TASK GOAL: For the records below, output word for word the lines from the one with "상업용 7.2kW 220V/380V." up to and including the one with "- A flat washer". No pictures.

DATASET RECORDS:

== Segment start ==

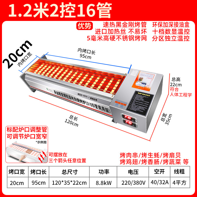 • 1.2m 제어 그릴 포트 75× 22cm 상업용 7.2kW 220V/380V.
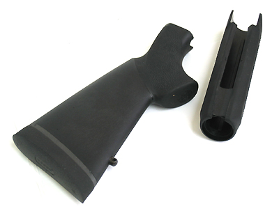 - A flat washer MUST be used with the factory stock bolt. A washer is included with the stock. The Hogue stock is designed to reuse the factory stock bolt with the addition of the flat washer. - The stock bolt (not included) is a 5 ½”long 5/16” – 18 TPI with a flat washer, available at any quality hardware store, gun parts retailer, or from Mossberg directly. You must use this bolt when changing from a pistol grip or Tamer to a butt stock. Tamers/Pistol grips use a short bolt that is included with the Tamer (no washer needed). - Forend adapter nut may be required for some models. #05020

== Segment end ==
== Segment start ==

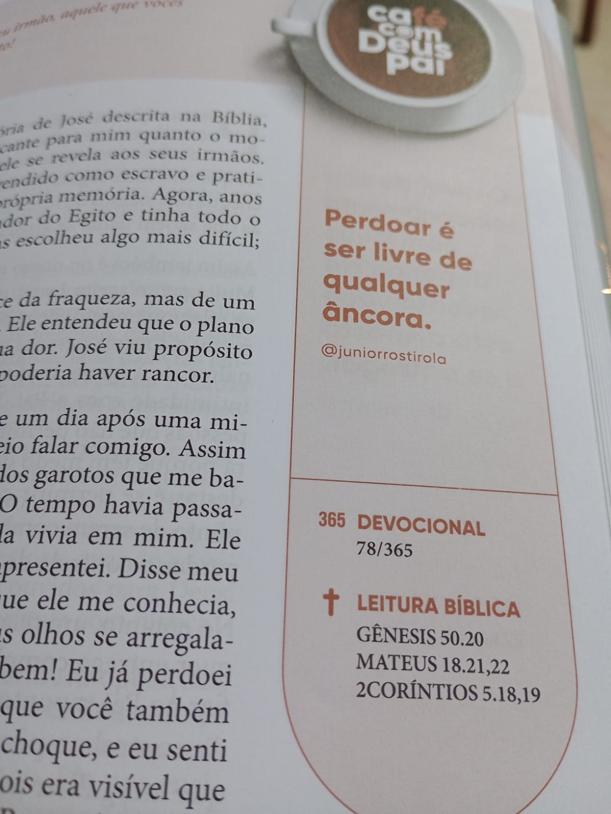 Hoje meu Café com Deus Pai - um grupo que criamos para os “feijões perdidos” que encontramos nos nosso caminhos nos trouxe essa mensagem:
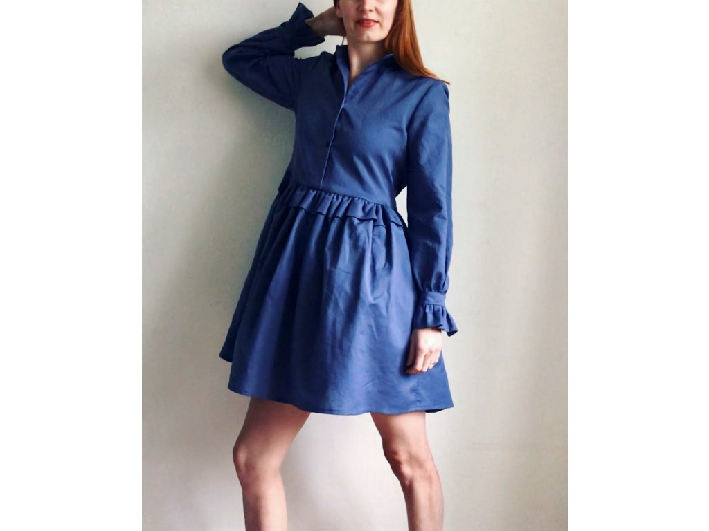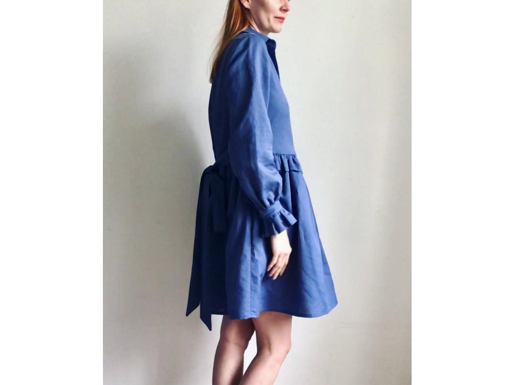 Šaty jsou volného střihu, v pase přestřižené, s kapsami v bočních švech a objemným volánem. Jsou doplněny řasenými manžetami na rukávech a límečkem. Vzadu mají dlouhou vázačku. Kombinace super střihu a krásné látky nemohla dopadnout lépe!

== Segment end ==
== Segment start ==

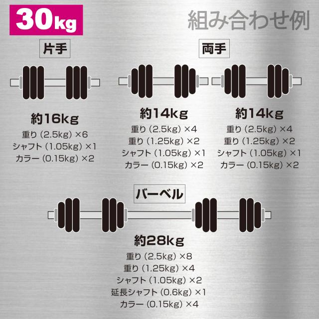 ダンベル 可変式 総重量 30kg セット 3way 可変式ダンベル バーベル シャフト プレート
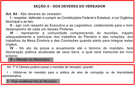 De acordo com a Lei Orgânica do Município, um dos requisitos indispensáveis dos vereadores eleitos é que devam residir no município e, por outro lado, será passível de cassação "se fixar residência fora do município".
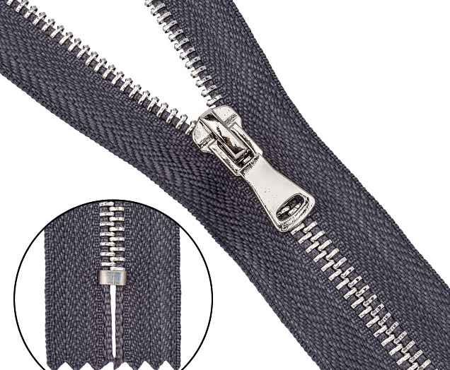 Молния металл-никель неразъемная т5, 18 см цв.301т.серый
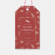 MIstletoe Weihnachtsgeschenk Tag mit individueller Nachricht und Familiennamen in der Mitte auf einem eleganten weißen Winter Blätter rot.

== Segment end ==

WRITTEN RESPONSE:
 • 1.2m 제어 그릴 포트 75× 22cm 상업용 7.2kW 220V/380V.
 - A flat washer MUST be used with the factory stock bolt. A washer is included with the stock. The Hogue stock is designed to reuse the factory stock bolt with the addition of the flat washer. - The stock bolt (not included) is a 5 ½”long 5/16” – 18 TPI with a flat washer, available at any quality hardware store, gun parts retailer, or from Mossberg directly. You must use this bolt when changing from a pistol grip or Tamer to a butt stock. Tamers/Pistol grips use a short bolt that is included with the Tamer (no washer needed). - Forend adapter nut may be required for some models. #05020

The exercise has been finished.